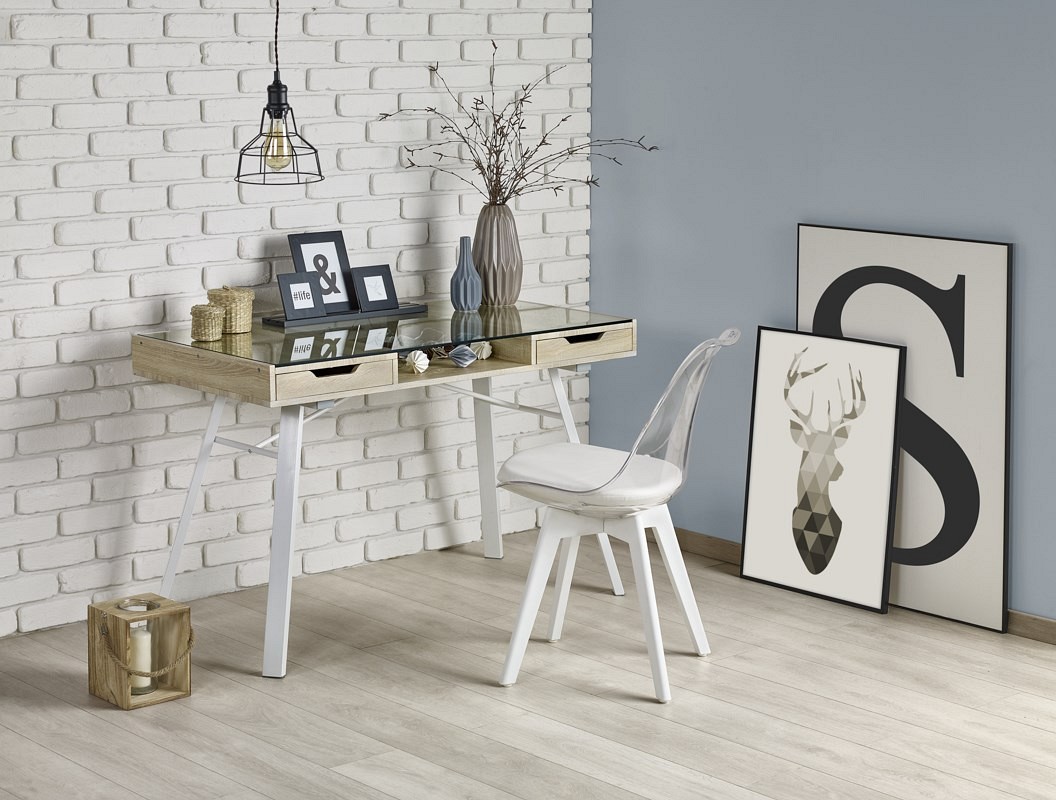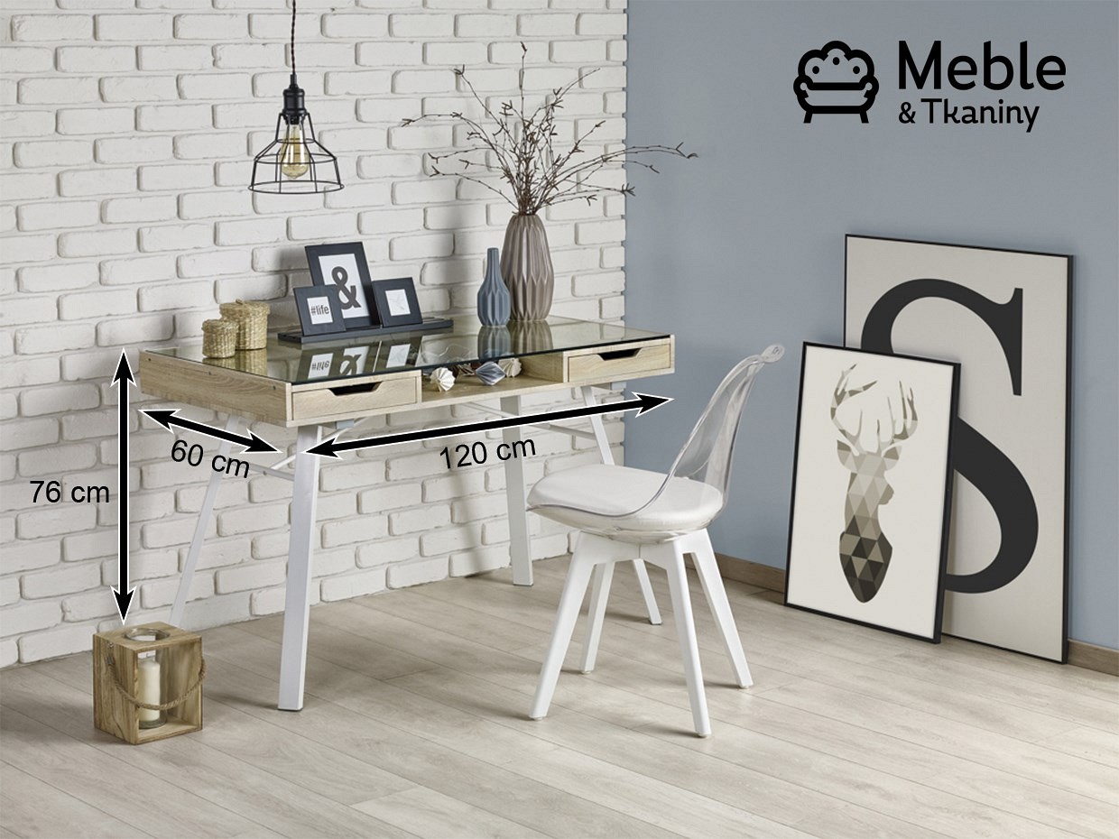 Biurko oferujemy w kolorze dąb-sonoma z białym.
* * *
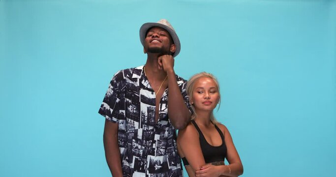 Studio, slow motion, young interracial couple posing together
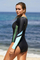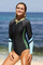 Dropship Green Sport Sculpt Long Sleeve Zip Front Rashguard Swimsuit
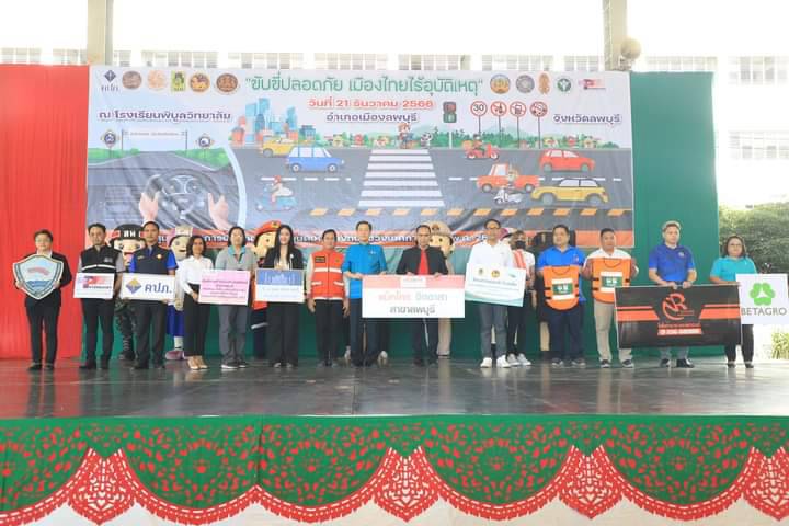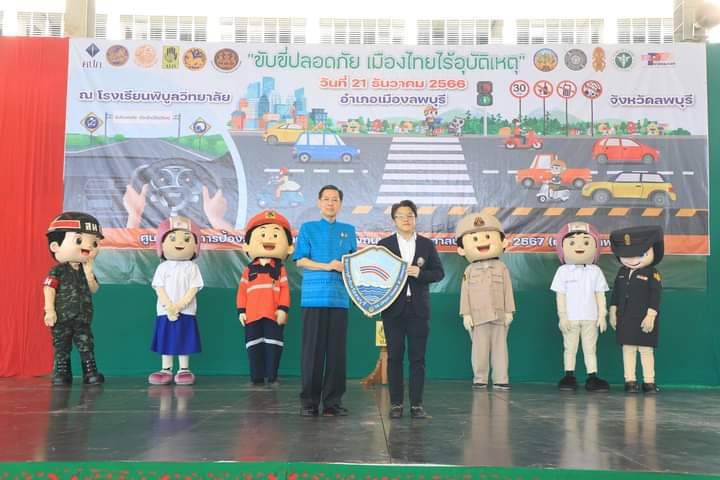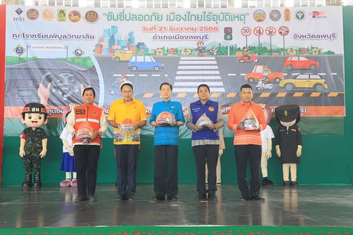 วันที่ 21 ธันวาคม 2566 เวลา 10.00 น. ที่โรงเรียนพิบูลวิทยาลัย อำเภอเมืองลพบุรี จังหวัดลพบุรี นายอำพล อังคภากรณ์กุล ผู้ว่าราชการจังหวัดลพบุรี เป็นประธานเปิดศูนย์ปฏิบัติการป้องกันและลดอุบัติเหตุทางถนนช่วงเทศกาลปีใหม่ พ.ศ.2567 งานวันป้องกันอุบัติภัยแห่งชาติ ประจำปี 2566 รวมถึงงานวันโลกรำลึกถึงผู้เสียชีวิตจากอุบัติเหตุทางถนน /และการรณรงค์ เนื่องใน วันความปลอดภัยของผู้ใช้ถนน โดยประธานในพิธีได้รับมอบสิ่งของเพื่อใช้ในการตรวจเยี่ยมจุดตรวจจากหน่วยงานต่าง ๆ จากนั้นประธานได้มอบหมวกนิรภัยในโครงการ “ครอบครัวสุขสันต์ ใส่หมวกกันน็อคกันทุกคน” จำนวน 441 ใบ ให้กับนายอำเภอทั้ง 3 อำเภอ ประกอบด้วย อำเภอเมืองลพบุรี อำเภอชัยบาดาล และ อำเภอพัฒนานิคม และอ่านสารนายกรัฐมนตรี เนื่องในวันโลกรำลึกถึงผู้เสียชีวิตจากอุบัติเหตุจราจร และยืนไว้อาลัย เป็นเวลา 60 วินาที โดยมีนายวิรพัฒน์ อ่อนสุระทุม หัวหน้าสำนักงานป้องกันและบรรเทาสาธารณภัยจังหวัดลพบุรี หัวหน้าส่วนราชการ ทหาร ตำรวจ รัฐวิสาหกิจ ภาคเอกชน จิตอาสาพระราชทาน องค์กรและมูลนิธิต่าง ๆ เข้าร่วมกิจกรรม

:: Work order ::
From the line holding "Dropship Green Sport" to the line holding "วันที่ 21 ธันวาคม", both included, retype the entries above exactly and drop the pictures.

:: Solution to this exercise ::
 Dropship Green Sport Sculpt Long Sleeve Zip Front Rashguard Swimsuit
 วันที่ 21 ธันวาคม 2566 เวลา 10.00 น. ที่โรงเรียนพิบูลวิทยาลัย อำเภอเมืองลพบุรี จังหวัดลพบุรี นายอำพล อังคภากรณ์กุล ผู้ว่าราชการจังหวัดลพบุรี เป็นประธานเปิดศูนย์ปฏิบัติการป้องกันและลดอุบัติเหตุทางถนนช่วงเทศกาลปีใหม่ พ.ศ.2567 งานวันป้องกันอุบัติภัยแห่งชาติ ประจำปี 2566 รวมถึงงานวันโลกรำลึกถึงผู้เสียชีวิตจากอุบัติเหตุทางถนน /และการรณรงค์ เนื่องใน วันความปลอดภัยของผู้ใช้ถนน โดยประธานในพิธีได้รับมอบสิ่งของเพื่อใช้ในการตรวจเยี่ยมจุดตรวจจากหน่วยงานต่าง ๆ จากนั้นประธานได้มอบหมวกนิรภัยในโครงการ “ครอบครัวสุขสันต์ ใส่หมวกกันน็อคกันทุกคน” จำนวน 441 ใบ ให้กับนายอำเภอทั้ง 3 อำเภอ ประกอบด้วย อำเภอเมืองลพบุรี อำเภอชัยบาดาล และ อำเภอพัฒนานิคม และอ่านสารนายกรัฐมนตรี เนื่องในวันโลกรำลึกถึงผู้เสียชีวิตจากอุบัติเหตุจราจร และยืนไว้อาลัย เป็นเวลา 60 วินาที โดยมีนายวิรพัฒน์ อ่อนสุระทุม หัวหน้าสำนักงานป้องกันและบรรเทาสาธารณภัยจังหวัดลพบุรี หัวหน้าส่วนราชการ ทหาร ตำรวจ รัฐวิสาหกิจ ภาคเอกชน จิตอาสาพระราชทาน องค์กรและมูลนิธิต่าง ๆ เข้าร่วมกิจกรรม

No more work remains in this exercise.